Hoje esquece o dinheiro, esquece as contas a pagar, esquece as desgraças que entram pela tua casa adentro. Hoje sai pela casa fora, sai de ti para fora. Beija quem tiveres de beijar. Mas beija mesmo. Beija com língua, beija com o corpo todo, beija contigo todo, beija como se o único limite fosse o do que sentes. E o que é a felicidade senão fazer do que sentimos o único limite?Hoje esquece o pudor, esquece as falinhas mansas, esquece o politicamente correto. Hoje sê obscenamente incorreto, pornograficamente imperfeito. Apalpa, experimenta, brinca, corre, faz o que bem quiseres porque se bem queres é porque te faz bem querer. E o que é viver senão fazer, pelo menos às vezes, aquilo que bem queremos?
Hoje esquece o que podias ser, o que já não és, o que nunca foste capaz de fazer. Hoje és exatamente aquilo que querias ser, exatamente aquilo que és, exatamente aquilo que sempre foste capaz de ser. Aproveita como um louco o que há para aproveitar — e há tanto para aproveitar. Uma pele, um sorriso, um cheiro, um toque, um prazer simples. E o que é a vida senão aproveitar cada prazer simples que ela tem para nos dar?

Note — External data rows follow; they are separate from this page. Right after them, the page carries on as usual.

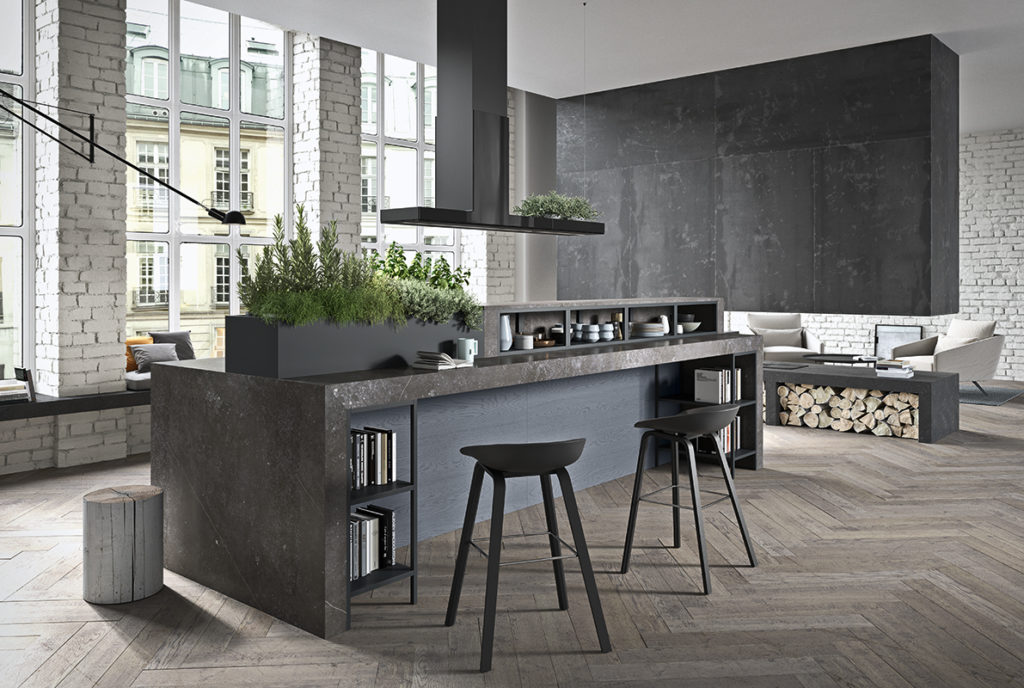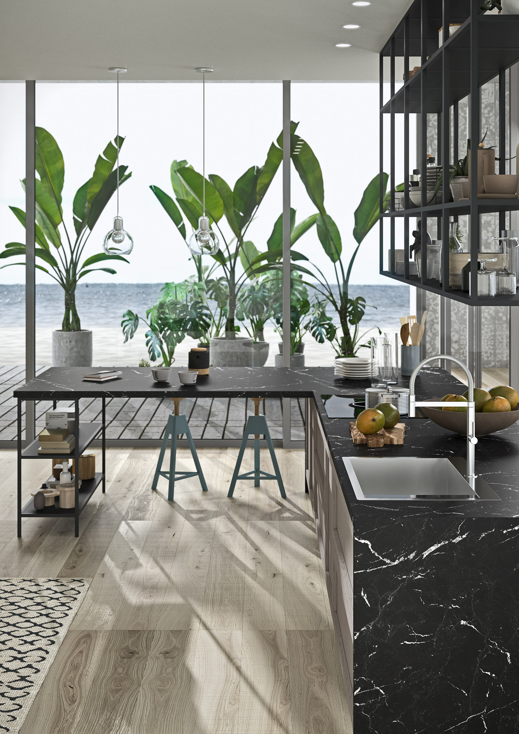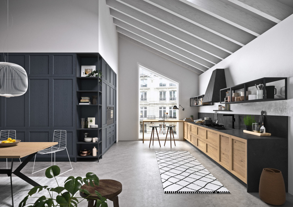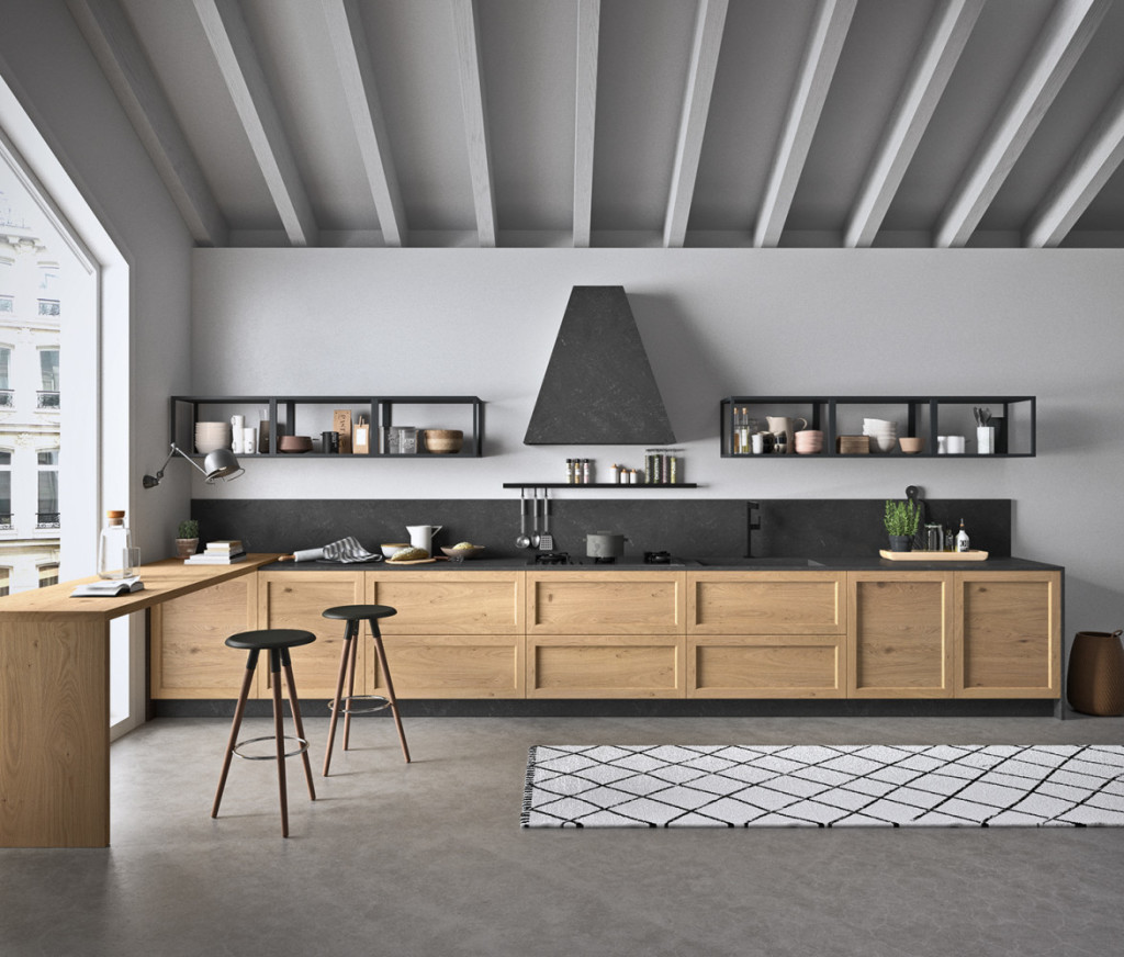 Dans cette collection de cuisines modernes, le bois de différentes essences est souvent magistralement combiné avec des matériaux plus high-tech, mettant en valeur leurs qualités et optimisant leurs caractéristiques structurelles et d’utilisation.
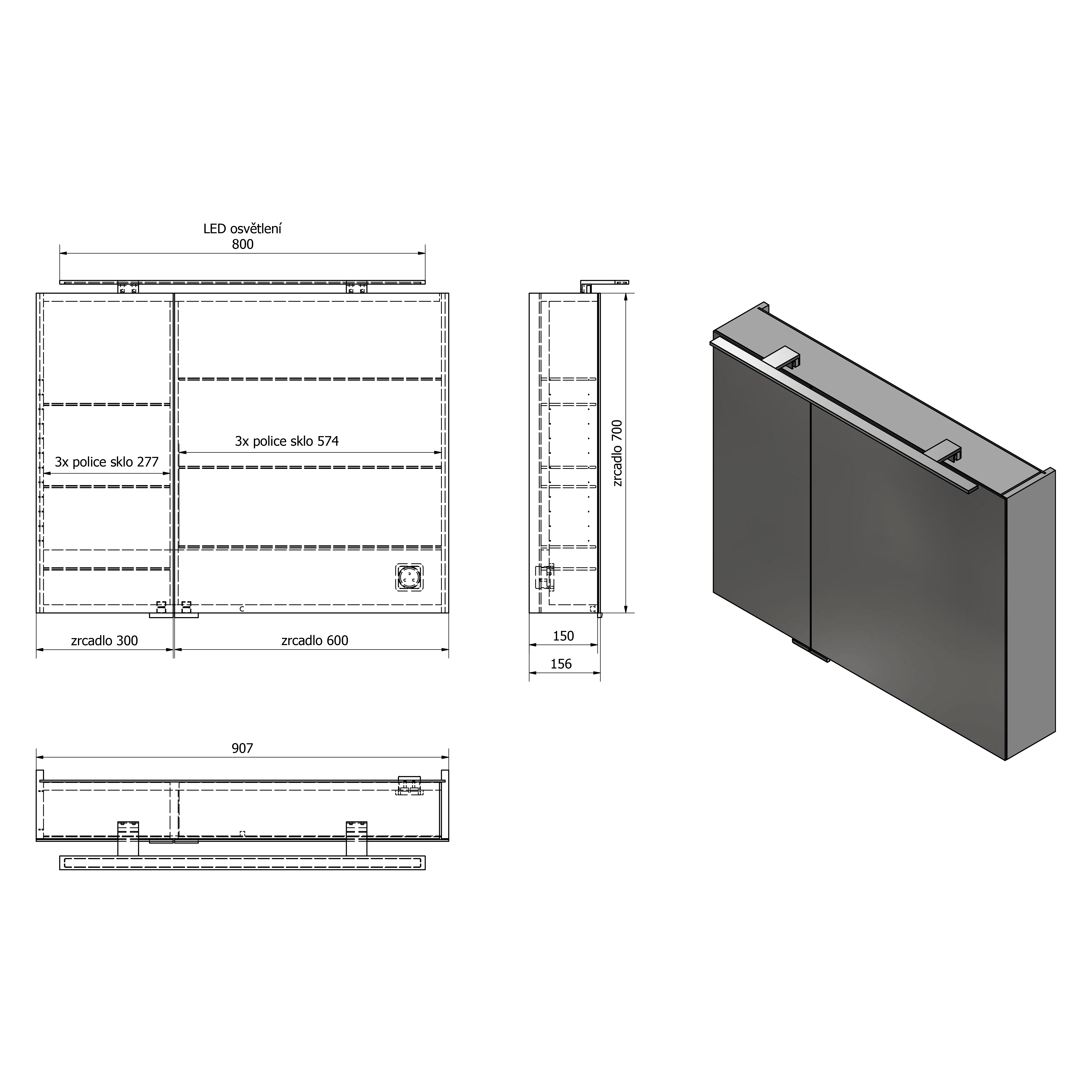 RC090 MIRRÓ tükrösszekrény LED világítással, 90x70x15cm
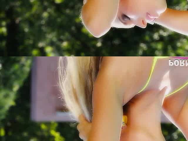 Blonde Honey In A Bikini Rides Studs Pole Outdoors
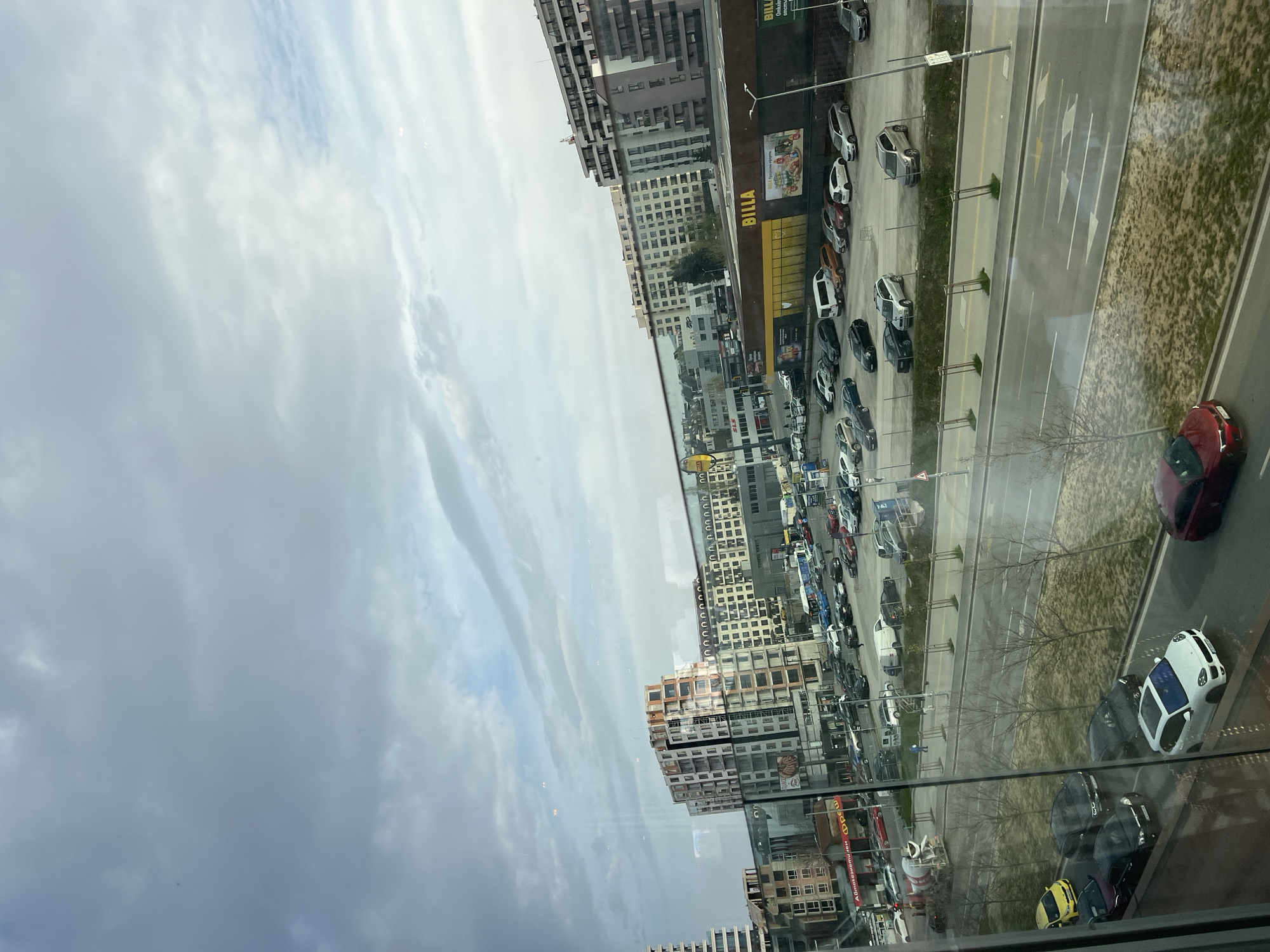 view from a high vantage point, likely a building window, overlooking a section of Sofia, Bulgaria. The sky is overcast with grey clouds. Buildings of varying heights and architectural styles dominate the cityscape. A prominent feature is a Billa supermarket situated along a busy street. A road runs parallel to the Billa supermarket, marked with directional arrows. Cars are parked and moving along the road. Several trees line the road. Reflections are present on the window the image was taken through.

Hoje esquece o que dói, o que mói, o que te espreme por dentro. Hoje muda o mundo de uma vez por todas. Ajuda um velhote a atravessar a rua, vai doar sangue, faz voluntariado, carrega as sacas de compras de quem precisa, joga no parque com um menino solitário, faz uma manifestação onde uma manifestação é necessária, faz uma festa sem motivo nenhum porque esse já é motivo mais que suficiente para fazer uma festa. E o que é persistir senão fazer de motivo algum motivo suficiente para festejar?
Hoje esquece as retas, a rotina, a vida pequenina. Hoje vai pelas curvas, vai pela adrenalina, vai por ti e por quem te apanhar. Escolhe o caminho difícil, entra pela janela e não ligues para a porta, escreve um poema e declama-o em voz alta, declama-o aos berros no meio da rua: não se vive sem pão nem sem poesia. E o que é um poema senão a melhor maneira de encher uma mesa?
Hoje esquece. Esquece sem medo. E lembra-te sempre disso.